'You don't look sick to me, the doctor said. 'Not sick enough to drag me clear out here at night.

'I ain't sick, said Mose.

'Well, then, said the doctor, more grumpily than ever, 'what do you mean by phoning me?

'I got someone who is sick, said Mose. 'I hope you can help him. I would have tried myself, but I don't know how to go about it.

The doctor came inside and Mose shut the door behind him.

'You got something rotten in here? asked the doctor.

'No, it's just the way he smells. It was pretty bad at first, but I'm getting used to it by now.

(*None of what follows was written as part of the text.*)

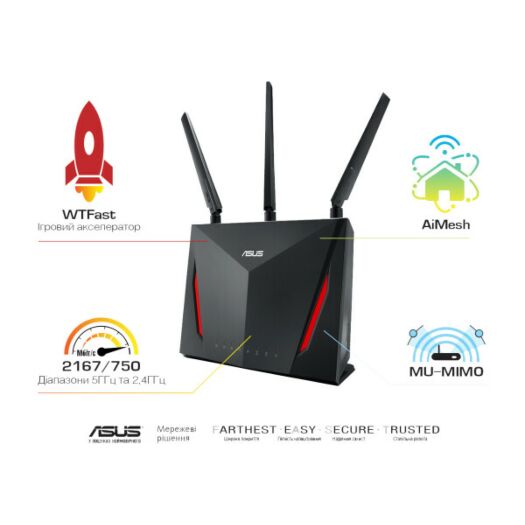Технологія NitroQAM ™ з підтримкою чотирьох потоків в діапазоні 5 ГГц Безпрецедентно високу швидкість передачі даних по бездротовій мережі - до 2917 Мбіт / с - забезпечує технологія NitroQAM ™ (1024-QAM) з підтримкою чотирьох потоків передачі даних (4x4) в діапазоні 5 ГГц. Плавне відтворення потокового відео формату 4K UHD і онлайн-ігри без найменших «лагів» - все це буде доступно для кожного користувача мережі Wi-Fi, організованої на базі даного маршрутизатора. потужна начинка RT-AC86U оснащується двоядерним процесором з тактовою частотою 1,8 ГГц, який володіє приголомшливою продуктивністю, а також чотирма антенами (трьома зовнішніми і однієї внутрішньої) для роботи в режимі чотирьох потоків передачі даних. Саме завдяки процесору маршрутизатор здатний передавати дані з настільки високою швидкістю - понад 110 МБ / с по інтерфейсу USB і до 1600 Мбіт / с по провідному інтерфейсу (WAN-LAN). Вбудована система мінімізації «лагів» Швидкість мережевої гри залежить від маршруту, яким відправляються пакети з її даними. Система Gamers Private Network® (GPN®) від компанії WTFast® служить для автоматичної оптимізації цього маршруту, що дозволяє значно знизити мережеві «лаги» і мінімізувати кількість втрачених пакетів. Користувач RT-AC86U може скористатися такою оптимізацією безкоштовно в цілому ряді онлайн-ігор для одного клієнтського пристрою на свій вибір. Адаптивна функція QoS За допомогою функції QoS користувач може задати пріоритет використання мережевого з'єднання, вибравши один з попередньо встановлених режимів. Наприклад, в режимі одиночної гри вся пропускна здатність маршрутизатора буде виділена під ігрове додаток, щоб мінімізувати затримки при передачі даних. Ця функція може сумісна з усіма популярними ігровими консолями, включаючи PlayStation®3, PlayStation®4, PS4 ™ Pro, PlayStation®Vita, Wii U, 3DS і Xbox One. Технологія MU-MIMO RT-AC86U з підтримкою багатокористувацької технології MIMO (MU-MIMO) працює на повній швидкості з декількома одночасно підключеними клієнтами, сумісними з цією технологією. Ця технологія вигідно відрізняється від традиційної однопользовательской технології MIMO, при якій окремим пристроїв часто доводиться чекати черги для передачі даних. Широка зона покриття Наявність в даному маршрутизаторі потужних антен і технології Range Boost означає велику зону покриття бездротової мережі Wi-Fi. Впевненою передачі радіосигналу також сприяє технологія «формування променя» AiRadar. Система безпеки AiProtection За безпеку від зовнішніх атак і збереження конфіденційних даних відповідає технологія AiProtection, розроблена спільно з компанією Trend Micro. Вона забезпечує захист всіх підключених до домашньої мережі цифрових пристроїв, в тому числі тих, які не володіють власними антивірусними системами (наприклад, пристрої класу «інтернет речей»). Інформаційна безпека Технологія AiProtection дозволяє відключати встановлений на комп'ютері антивірусне програмне забезпечення і брандмауер на час геймерской сесії, щоб вивільнити процесорні ресурси і уникнути випадкової блокування ігрових даних через надто суворих захисних налаштувань. Бездротова мережа Wi-Fi для великого будинку У більшості випадків RT-AC86U забезпечують широке покриття мережі Wi-Fi зі стабільним сигналом в кожному куточку будинку або квартири. Однак на це впливає безліч факторів, у тому числі розташування кімнат, матеріал стін і навіть меблі. Але навіть якщо в бездрото
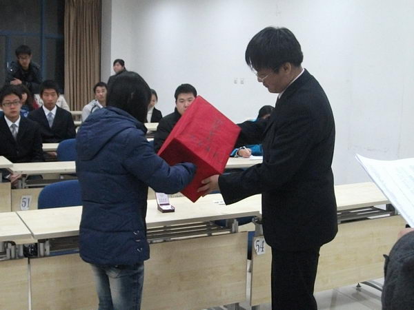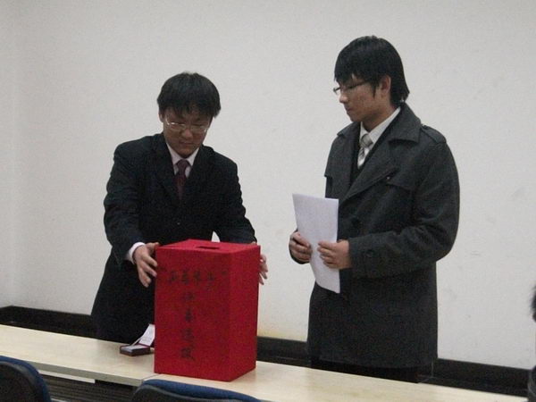 活动开始由公关部部长陈天雷公布选拔名额及选拔方法,为保证活动公平公正的进行,本次评选采取抽签方式。副部长程迷则负责摇箱并将卡片号码示众。

The doctor saw the thing lying on the bed and went over to it. Old Mose heard him sort of gasp and could see him standing there, very stiff and straight. Then he bent down and had a good look at the critter on the bed.

When he straightened up and turned around to Mose, the only thing that kept him from being downright angry was that he was so flabbergasted.

'Mose, he yelled, 'what _is_ this?

'I don't know, said Mose. 'I found it in the woods and it was hurt and wailing and I couldn't leave it there.

'You think it's sick?

'I know it is, said Mose, 'It needs help awful bad. I'm afraid it's dying.

The doctor turned back to the bed again and pulled the blanket down, then went and got the lamp so that he could see. He looked the critter up and down, and he prodded it with a skittish finger, and he made the kind of mysterious clucking sound that only doctors make.

Then he pulled the blanket back over it again and took the lamp back to the table.

'Mose, he said. 'I can't do a thing for it.

'But you're a doctor!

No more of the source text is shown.